Authors: Md. Shahabul Alam, Ryan Johnson, Steven Burian – Alabama Water Institute, The University of Alabama
Presentation Type: Poster and lightning talk
Title: Community Streamflow Evaluation System: Developing a Python-based tool and Tethys-based web app
Abstract: The field of hydrological sciences is experiencing rapid advancement, fueled by enhanced computational capabilities, richer datasets, and collaborative open-source initiatives. Integrating physics with artificial intelligence/machine learning (AI/ML) in nationwide hydrological modeling encounters challenges, underscoring the importance of a consistent and standardized evaluation framework. The Community Streamflow Evaluation System (CSES), in alignment with the objectives of NOAA and the Cooperative Institute for Research to Operations in Hydrology (CIROH), simplifies the evaluation process and effectively overcomes constraints related to data acquisition, such as accessing NWIS observations or NWC/NWM predictions. This tool aims to bolster large-scale hydrological modeling efforts, facilitating enhancements in streamflow prediction accuracy.

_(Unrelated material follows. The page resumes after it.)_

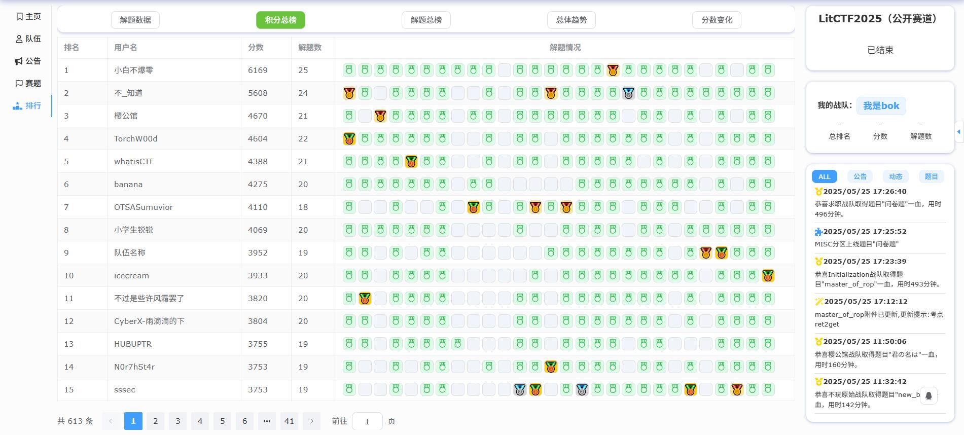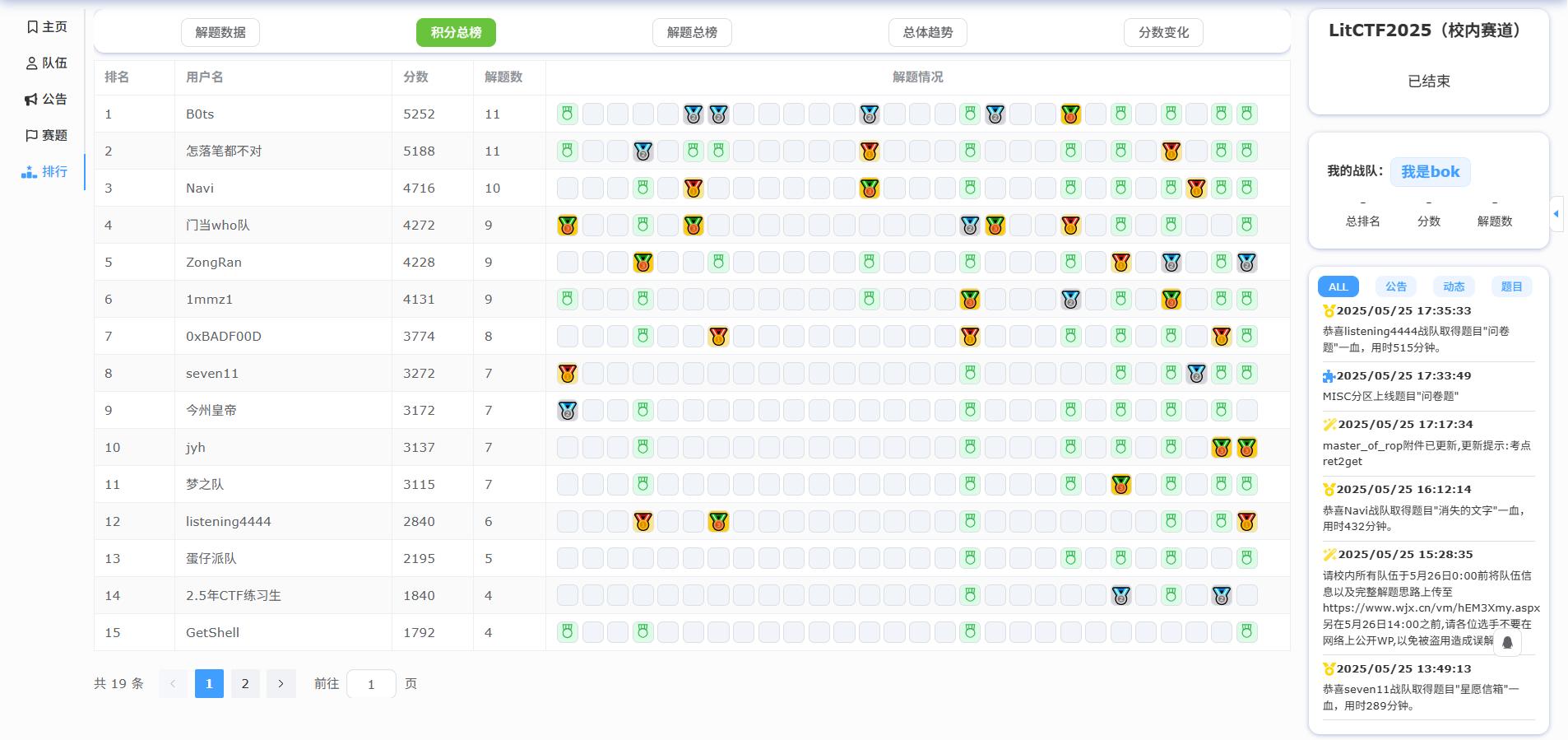 经过一天激烈的比拼,校内赛道中B0ts战队、怎落笔都不对战队、Navi战队等表现突出,成功跻身积分榜前十;校外赛道中,小白不爆零战队、不_知道战队、樱公馆战队等表现优异,同样斩获前十佳绩。

This study seeks to investigate two avenues: (i) the development of a Python-based tool to facilitate advancements in hydrological modeling, and (ii) the creation of a web application designed to disseminate model outcomes and proficiency to various users of hydrological models, including water resources managers, public water utilities, and stormwater management entities, among others. Our tool reveals that while NWM v2.1 performs well in headwater catchments, its accuracy diminishes in other basin areas. Future steps would include refining the Tethys-CSES app workflow and integrating data from other hydrological models like NWM v3.0.